Tuloli (2000:85) mengemukakan bahwa perkembangan paham feminis dalam
budaya Barat di Inggris dan Amerika, berkisar tahun 1960-an. Tujuan inti adalah
meningkatkan kedudukan dan derajat perempuan (wanita) agar sama atau sejajar
dengan kedudukan serta derajat laki-laki. Julia Kristeva mengemukakan bahwa
Feminis merupakan gerakan yang dilakukan oleh kaum wanita untuk menolak segala
sesuatu yang dimarginalisasikan, disubordinasikan, dan direndahkan oleh kebudayaan
yang dominan.
Baik dalam tataran politik, ekonomi, maupun kehidupan sosial
lainnya (Syuropati dan Agustina Soebachman, 2012:115). Menurut Sugihastuti dan
Suharto (2010:6) bahwa kritik sastra feminis menawarkan pandangan bahwa para
pembaca perempuan dan kritikus perempuan membawa persepsi, pengertian, dan
dugaan yang berbeda pada pengalaman membaca karya sastra apabila dibandingkan
dengan laki-laki.
Humm (Wiyatmi, 2012:10) mengatakan bahwa feminisme menggabungkan
doktrin persamaan hak bagi perempuan yang menjadi gerakan yang terorganisasi
untuk mencapai hak asasi perempuan, dengan sebuah ideologi transformasi sosial
yang bertujuan untuk menciptakan dunia bagi perempuan. Selanjutnya Humm
menyatakan bahwa feminisme merupakan ideologi pembebasan perempuan dengan
keyakinan bahwa perempuan mengalami ketidakadilan karena jenis kelaminnya.

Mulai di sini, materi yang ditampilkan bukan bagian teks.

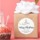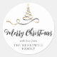 Pegatina Redonda Black Gold Ribbon Tree Merry Christmas Script
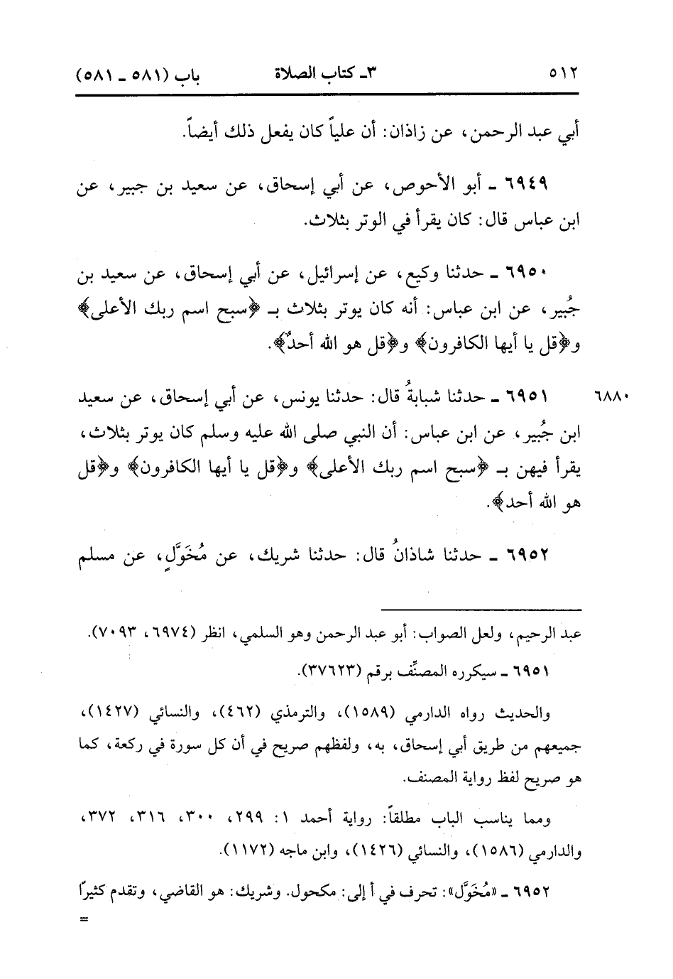 6949- حَدَّثَنَا أَبُو الأَحْوَصِ ، عَنْ أَبِي إِسْحَاقَ ، عَنْ سَعِيدِ بْنِ جُبَيْرٍ ، عَنِ ابْنِ عَبَّاسٍ ، قَالَ : كَانَ يَقْرَأُ فِي الْوِتْرِ بِثَلاَثٍ.

Ruthven (Wiyatmi, 2012:10) menyatakan bahwa pemikiran dan gerakan
feminisme lahir untuk mengakhiri dominasi laki-laki terhadap perempuan yang
terjadi dalam masyarakat. Homzah (2010:5) menyatakan bahwa Feminisme adalah
gerakan pembebasan perempuan yang mengupayakan transformasi bagi satu pranata
sosial yang secara jender lebih egaliter.
Dari pendapat-pendapat yang dikemukakan oleh para ahli di atas maka dapat
disimpulkan bahwa feminisme adalah teori tentang persamaan hak antara laki-laki
dan perempuan disegala bidang yang di dalamnya terdapat gerakan yang terorganisasi
untuk mencapai hak asasi perempuan dan mengakhiri dominasi laki-laki.
Jadi dalam penelitian ini teori feminisme sastra diterapkan untuk melihat
kedudukan perempuan dalam novel Lintang Kemukus Dini Hari karya Ahmad Tohari
yang mengalami berbagai bentuk diskriminasi.